"Out of 5 Fieros I have owned all of them have had the scratches on the drivers side window. You know the lines all the way up and down the window. I was just wondering what causes this and is there a way to prevent this?"
The tracks the windows ride in and the felts that seal the outside of the window glass. It's a thing that is not unique to Fiero's... F-Body cars suffer the same. I think that because the window glass is curved and supported only from the bottom, instead of being supported from the edges like other cars.
Guess it just is.
From: Curt Martin
"Can I fix my window?"
Cerium Oxide that come in a powder will polish it out. You mix it with water into a slurry and polish with a very dense felt pad at a very slow speed (1500 rpm). I believe JCWhitney has it, or some hardware/auto stores.
From: Clark
"Can I prevent this from happening again?"

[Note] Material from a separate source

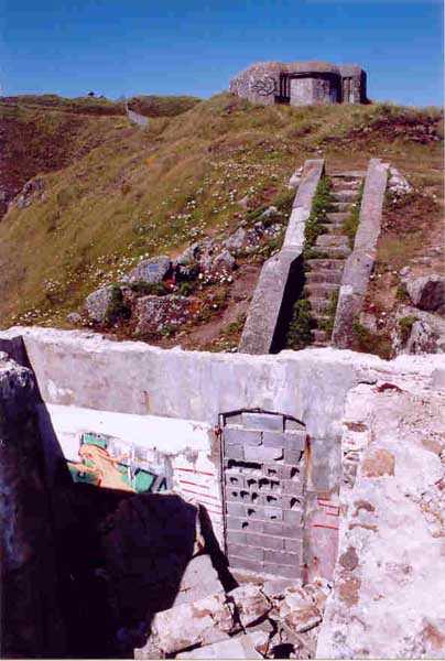 Place de Brest, nord du goulet, 1898. Assise à l'emplacement d'une ancienne batterie d'obusiers de 22, pratiquement droit au sud par rapport à l'axe de la capitale du réduit. Les 4 canons M de 100 mm modèle 1881 T.R. sur affûts Vavasseur repris à l'état d'armement de 1900, sont, à celui de 1914, remplacés par 4 canons M de 100 mm modèle 1897 T.R. sur affûts M modèle 1897 P.C. Cette batterie a subi d'importantes modifications car elle est toujours utilisée par la Marine pour des tirs d'armes légères. Seules les traverses situées à chaque extrémité de la batterie subsistent. Un peu en arrière et vers la batterie voisine de 24 c, on distingue encore très bien le toit du local d'une dynamo, local à demi enterré et situé, lui aussi, dans le périmètre non autorisé. Cette dynamo alimentait un projecteur de 150 cm, installé avant 1908, sous casemate, sur les devants de la batterie de 100 mm, au bord de la falaise. Cette casemate a vu sa toiture être défoncée par un bulldozer en 2004. Voir position de Toulbroc'h.

The problem is that inside the door are two felt pads that are rivited onto the their respective holders. Once the felt is gone the rivits will scratch. The only fix is to open the door, remove the glass for access and replace the pads...
"Is there anybody out there who have replaced a door window. Do I have >to drill out the large pop-rivets that hold the plastic stoppers?"
YES - and of course the plastic rollers too.
"does anyone know where I can get the big rivets that GM uses for the body panels? Can't get them here."
Those 1/4" rivets require a special tool to set. If you have the tool, most any auto body or auto glass supply place should have the rivets. I have never tried to buy them as I do not have the proper tool to set them.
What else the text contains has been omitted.